North Korea is circumventing sanctions by the United Nations intended to choke the rogue regime, according to a report from the global organization.

The sanctions, approved by the United Nations in December 2017, were designed to cut North Korea’s oil imports and crack down on exports, among other penalties. But Pyongyang “continues to defy Security Council resolutions through a massive increase in illegal ship-to-ship transfers of petroleum products and coal,” a U.N. panel found.

The “violations render the latest United Nations sanctions ineffective by flouting the caps on the import of petroleum products and coal oil,” said the report, which noted such transfers have grown in “scope, scale and sophistication.”

According to Hugh Griffiths, the head of the U.N. Panel of Experts, the level of “spoofing” they witnessed is unprecedented. “They’re using more sophisticated methods. They’re becoming cleverer,” Griffiths told NBC News.

Examples found in the report include the hacking of foreign banks and North Korea flying flags from Panama, Sierra Leone, or Tanzania on their vessels.

“Commodity traders are unwitting actors, the banks are unwitting actors, the insurers are unwitting actors and that’s because they are not monitoring the ships that they are either financing, insuring or that are carrying their product,” Griffiths said.

The White House and the State Department did not respond to requests for comment from NBC News.

Late last month, President Trump walked away from a meeting with North Korean leader Kim Jong Un in Hanoi, Vietnam, dedicated to talks about denuclearization of the Korean peninsula. The two leaders previously met in June 2018 in Singapore on the issue.

White House national security adviser John Bolton said during an interview Sunday that he isn’t aware of any talks between the U.S. and North Korea since the Hanoi summit, but was confident that North Korea remains eager for the sanctions to be lifted.
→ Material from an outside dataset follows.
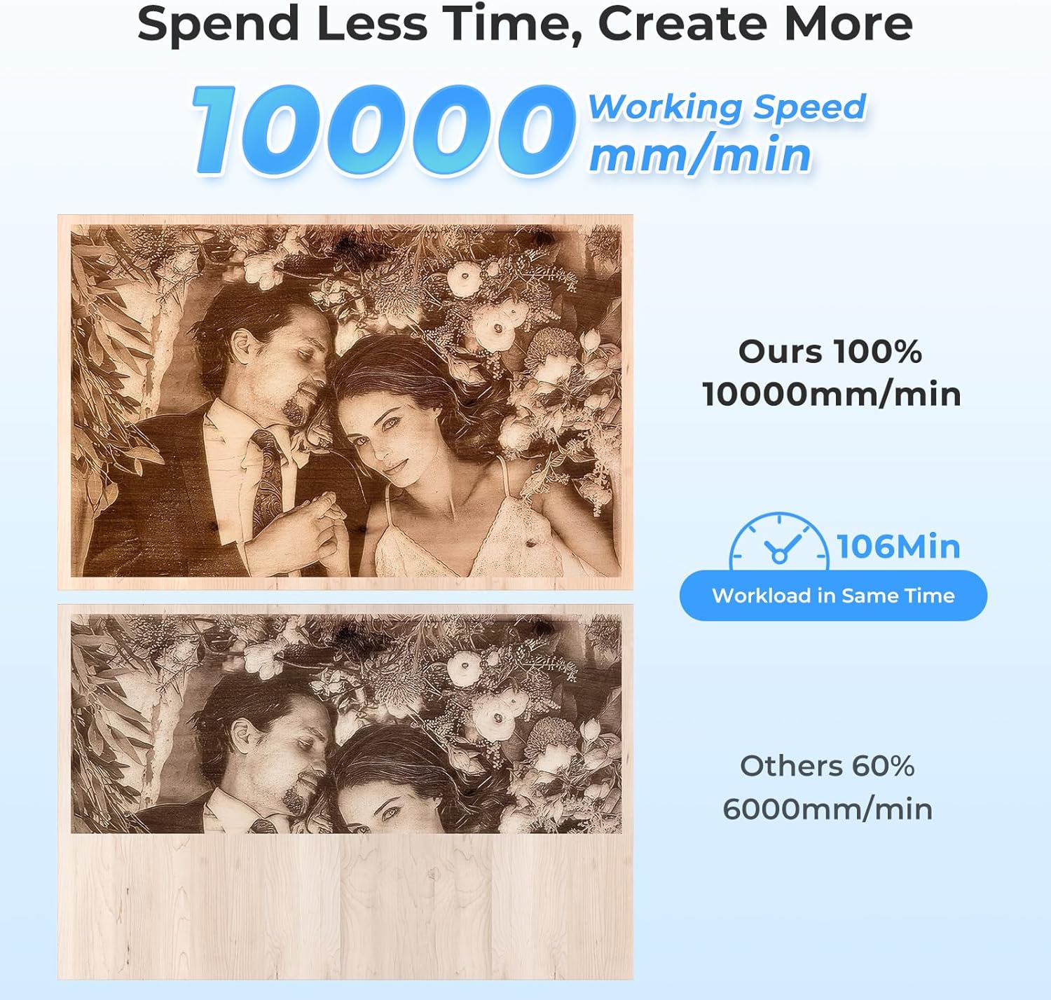 - 【Powerful 10W Laser】This 10W laser engraver machine delivers fast, precise engraving and cutting on materials like wood, acrylic, and leather at speeds of up to 10,000mm/min, ideal for hobbyists and small businesses seeking high efficiency.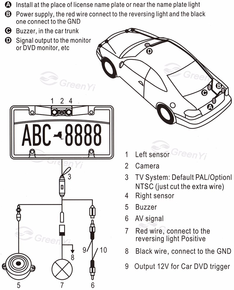 • Power Supply: Connects to vehicle’s reversing light (12V)

“What North Korea needs, and it needs it very much right now, is economic relief,” Bolton said on ABC News. “I think it’s very much on Kim Jong Un’s mind. He wants the economic sanctions released. And to get that, he is prepared to give up some part of his nuclear program, perhaps at a declaratory level, even a substantial part.”

The U.N. panel, which publishes biannual reports on sanctions against North Korea, said the rogue regime’s nuclear and ballistic missiles “remain intact,” aligning with that of the U.S. intelligence community.